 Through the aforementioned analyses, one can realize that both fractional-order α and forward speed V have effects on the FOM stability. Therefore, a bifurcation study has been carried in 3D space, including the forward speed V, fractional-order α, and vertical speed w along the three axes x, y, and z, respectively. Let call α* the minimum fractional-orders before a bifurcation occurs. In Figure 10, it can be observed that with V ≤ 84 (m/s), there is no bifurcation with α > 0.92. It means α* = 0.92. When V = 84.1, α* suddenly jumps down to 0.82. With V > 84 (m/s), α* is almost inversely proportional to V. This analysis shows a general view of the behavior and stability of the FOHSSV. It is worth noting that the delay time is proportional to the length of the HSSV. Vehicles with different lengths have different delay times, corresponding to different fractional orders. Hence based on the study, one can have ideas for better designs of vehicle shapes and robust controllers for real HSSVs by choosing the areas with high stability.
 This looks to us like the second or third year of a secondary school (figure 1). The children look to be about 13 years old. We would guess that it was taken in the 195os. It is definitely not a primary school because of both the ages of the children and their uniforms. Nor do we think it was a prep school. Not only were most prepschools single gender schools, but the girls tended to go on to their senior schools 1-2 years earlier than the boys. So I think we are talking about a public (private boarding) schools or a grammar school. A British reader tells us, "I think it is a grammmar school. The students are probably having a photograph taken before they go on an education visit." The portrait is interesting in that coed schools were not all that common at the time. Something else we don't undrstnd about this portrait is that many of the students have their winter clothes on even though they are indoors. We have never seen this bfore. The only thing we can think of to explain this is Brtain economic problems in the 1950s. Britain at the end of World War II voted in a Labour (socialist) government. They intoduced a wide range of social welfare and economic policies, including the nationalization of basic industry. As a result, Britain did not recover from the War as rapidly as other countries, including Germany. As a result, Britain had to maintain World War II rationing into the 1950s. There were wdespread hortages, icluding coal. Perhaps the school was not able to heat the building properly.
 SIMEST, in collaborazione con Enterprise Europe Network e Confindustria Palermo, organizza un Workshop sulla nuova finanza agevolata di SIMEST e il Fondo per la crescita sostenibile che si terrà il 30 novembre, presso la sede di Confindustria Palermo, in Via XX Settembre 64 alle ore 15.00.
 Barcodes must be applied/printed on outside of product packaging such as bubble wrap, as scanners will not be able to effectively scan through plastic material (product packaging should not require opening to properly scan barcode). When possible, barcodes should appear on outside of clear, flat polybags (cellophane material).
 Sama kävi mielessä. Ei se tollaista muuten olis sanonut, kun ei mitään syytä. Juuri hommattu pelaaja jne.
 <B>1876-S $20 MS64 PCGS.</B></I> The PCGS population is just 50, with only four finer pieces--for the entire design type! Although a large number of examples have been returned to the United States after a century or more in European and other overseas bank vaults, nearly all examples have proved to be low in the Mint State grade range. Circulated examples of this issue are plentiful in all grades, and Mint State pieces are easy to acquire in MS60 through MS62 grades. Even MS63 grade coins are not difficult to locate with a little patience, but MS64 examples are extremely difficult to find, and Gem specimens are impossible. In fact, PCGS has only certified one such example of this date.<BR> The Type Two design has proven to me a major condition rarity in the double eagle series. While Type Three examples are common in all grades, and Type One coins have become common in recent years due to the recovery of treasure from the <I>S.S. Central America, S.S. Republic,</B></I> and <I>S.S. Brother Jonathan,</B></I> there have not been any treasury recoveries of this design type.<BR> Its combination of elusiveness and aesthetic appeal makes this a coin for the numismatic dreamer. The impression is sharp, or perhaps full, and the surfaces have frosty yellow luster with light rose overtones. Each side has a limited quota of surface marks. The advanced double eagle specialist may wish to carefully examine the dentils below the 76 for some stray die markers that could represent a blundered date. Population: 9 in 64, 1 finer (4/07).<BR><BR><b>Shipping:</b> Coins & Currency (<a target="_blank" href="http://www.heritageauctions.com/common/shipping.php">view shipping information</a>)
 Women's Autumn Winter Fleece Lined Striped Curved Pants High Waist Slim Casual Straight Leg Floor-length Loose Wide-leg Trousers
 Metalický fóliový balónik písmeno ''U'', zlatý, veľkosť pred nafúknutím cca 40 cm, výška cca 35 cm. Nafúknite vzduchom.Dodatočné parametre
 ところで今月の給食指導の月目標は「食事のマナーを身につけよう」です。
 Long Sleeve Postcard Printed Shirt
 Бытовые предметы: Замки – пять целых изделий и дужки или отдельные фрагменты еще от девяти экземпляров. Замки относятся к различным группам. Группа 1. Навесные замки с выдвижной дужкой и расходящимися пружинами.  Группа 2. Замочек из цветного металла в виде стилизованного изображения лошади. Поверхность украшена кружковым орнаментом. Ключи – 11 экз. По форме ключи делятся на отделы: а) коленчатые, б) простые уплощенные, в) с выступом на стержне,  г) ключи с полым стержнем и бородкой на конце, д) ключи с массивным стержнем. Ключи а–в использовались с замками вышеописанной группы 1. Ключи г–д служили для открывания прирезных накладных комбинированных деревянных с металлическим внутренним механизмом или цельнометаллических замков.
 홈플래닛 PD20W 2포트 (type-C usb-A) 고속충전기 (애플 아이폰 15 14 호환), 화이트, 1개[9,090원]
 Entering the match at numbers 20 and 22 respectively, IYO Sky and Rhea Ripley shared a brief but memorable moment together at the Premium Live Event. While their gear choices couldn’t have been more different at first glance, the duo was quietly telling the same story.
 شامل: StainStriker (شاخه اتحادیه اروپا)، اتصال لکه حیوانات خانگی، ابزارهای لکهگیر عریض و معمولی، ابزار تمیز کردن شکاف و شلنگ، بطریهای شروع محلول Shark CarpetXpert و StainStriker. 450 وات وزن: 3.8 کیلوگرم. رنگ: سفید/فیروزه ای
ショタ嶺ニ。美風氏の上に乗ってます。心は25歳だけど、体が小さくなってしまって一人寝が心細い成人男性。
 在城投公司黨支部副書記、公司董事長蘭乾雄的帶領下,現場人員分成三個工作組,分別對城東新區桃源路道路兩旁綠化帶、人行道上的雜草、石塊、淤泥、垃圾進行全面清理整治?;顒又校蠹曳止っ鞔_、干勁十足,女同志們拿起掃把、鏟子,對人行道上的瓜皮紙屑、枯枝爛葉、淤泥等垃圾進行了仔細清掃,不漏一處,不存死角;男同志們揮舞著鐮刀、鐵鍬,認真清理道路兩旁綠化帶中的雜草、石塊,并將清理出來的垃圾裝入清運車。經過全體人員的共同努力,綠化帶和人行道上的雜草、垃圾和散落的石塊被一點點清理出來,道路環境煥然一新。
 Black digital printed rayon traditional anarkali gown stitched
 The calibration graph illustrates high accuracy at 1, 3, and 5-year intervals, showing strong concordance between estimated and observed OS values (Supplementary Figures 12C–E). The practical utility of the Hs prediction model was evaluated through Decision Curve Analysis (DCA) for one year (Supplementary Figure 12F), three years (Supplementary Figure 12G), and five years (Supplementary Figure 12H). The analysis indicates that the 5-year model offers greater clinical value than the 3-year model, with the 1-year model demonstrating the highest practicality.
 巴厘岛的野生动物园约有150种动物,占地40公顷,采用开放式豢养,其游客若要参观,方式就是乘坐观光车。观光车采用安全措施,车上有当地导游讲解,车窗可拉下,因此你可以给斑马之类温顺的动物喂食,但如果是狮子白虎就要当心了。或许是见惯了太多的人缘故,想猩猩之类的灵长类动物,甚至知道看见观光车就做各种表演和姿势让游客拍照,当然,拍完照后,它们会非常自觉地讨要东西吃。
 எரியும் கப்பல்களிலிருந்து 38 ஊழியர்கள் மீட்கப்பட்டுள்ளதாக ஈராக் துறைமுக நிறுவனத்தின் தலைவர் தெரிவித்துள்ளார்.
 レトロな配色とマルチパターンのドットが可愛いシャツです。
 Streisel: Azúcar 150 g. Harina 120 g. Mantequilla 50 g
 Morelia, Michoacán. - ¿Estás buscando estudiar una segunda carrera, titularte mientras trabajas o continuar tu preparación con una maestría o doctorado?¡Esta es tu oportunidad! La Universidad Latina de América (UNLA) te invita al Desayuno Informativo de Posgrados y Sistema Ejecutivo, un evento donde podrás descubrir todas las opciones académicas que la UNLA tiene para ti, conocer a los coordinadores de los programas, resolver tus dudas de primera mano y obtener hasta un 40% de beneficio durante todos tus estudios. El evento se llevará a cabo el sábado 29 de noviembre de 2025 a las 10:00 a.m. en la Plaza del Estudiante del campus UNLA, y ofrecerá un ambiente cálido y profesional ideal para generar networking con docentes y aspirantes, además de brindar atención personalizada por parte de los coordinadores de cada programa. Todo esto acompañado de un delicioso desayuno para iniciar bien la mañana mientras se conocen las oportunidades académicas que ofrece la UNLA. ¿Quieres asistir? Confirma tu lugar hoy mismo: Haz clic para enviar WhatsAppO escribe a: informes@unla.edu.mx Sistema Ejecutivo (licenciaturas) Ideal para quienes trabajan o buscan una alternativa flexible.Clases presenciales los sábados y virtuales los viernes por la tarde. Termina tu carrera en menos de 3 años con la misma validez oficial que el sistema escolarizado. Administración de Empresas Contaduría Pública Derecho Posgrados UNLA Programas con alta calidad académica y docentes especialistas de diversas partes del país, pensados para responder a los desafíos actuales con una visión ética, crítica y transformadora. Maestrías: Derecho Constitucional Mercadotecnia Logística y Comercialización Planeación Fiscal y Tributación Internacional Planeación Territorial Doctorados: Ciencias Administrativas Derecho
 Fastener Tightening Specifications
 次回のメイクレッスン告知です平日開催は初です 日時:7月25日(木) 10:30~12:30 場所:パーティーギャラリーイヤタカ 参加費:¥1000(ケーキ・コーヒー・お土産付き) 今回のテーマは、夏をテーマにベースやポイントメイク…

What you have to do> Your answer should be the lines above from the one containing "巴厘岛的野生动物园约有150" through the one containing "Streisel: Azúcar 150", copied exactly and with both ends kept.

Result of the exercise>
 巴厘岛的野生动物园约有150种动物,占地40公顷,采用开放式豢养,其游客若要参观,方式就是乘坐观光车。观光车采用安全措施,车上有当地导游讲解,车窗可拉下,因此你可以给斑马之类温顺的动物喂食,但如果是狮子白虎就要当心了。或许是见惯了太多的人缘故,想猩猩之类的灵长类动物,甚至知道看见观光车就做各种表演和姿势让游客拍照,当然,拍完照后,它们会非常自觉地讨要东西吃。
 எரியும் கப்பல்களிலிருந்து 38 ஊழியர்கள் மீட்கப்பட்டுள்ளதாக ஈராக் துறைமுக நிறுவனத்தின் தலைவர் தெரிவித்துள்ளார்.
 レトロな配色とマルチパターンのドットが可愛いシャツです。
 Streisel: Azúcar 150 g. Harina 120 g. Mantequilla 50 g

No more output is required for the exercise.